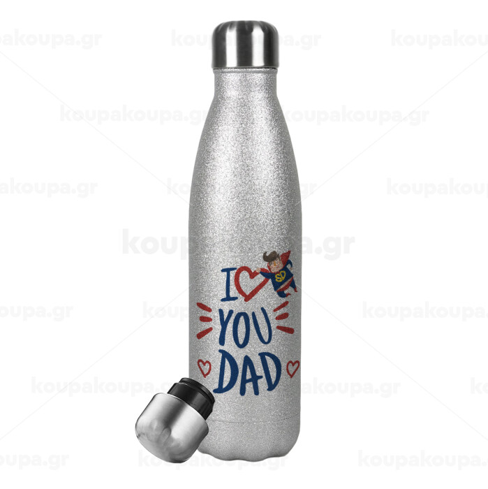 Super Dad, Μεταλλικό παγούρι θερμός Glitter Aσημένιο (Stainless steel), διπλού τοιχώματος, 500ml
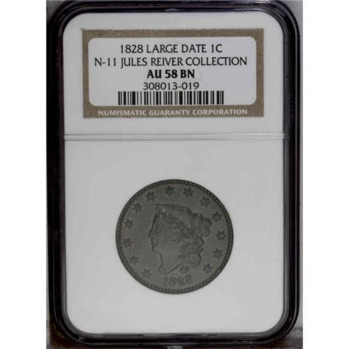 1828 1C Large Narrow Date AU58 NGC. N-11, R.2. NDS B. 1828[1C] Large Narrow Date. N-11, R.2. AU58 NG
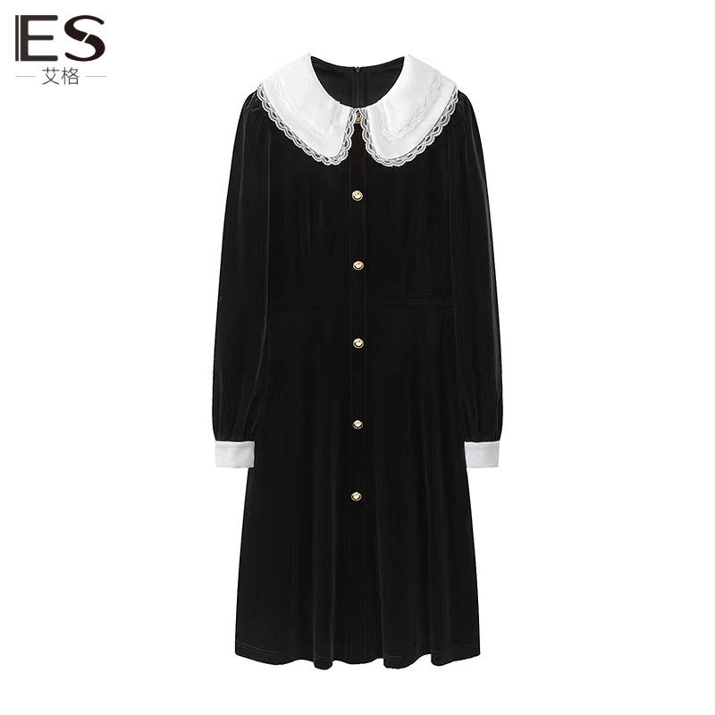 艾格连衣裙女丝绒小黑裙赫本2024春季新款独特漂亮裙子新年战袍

━━━━━━━━━━━━━━━━━━━━

> EXERCISE REQUIREMENTS: Pictures aside, give the data again exactly as it appears.

> RESULT OF THIS EXERCISE:
 Super Dad, Μεταλλικό παγούρι θερμός Glitter Aσημένιο (Stainless steel), διπλού τοιχώματος, 500ml
 1828 1C Large Narrow Date AU58 NGC. N-11, R.2. NDS B. 1828[1C] Large Narrow Date. N-11, R.2. AU58 NG
 艾格连衣裙女丝绒小黑裙赫本2024春季新款独特漂亮裙子新年战袍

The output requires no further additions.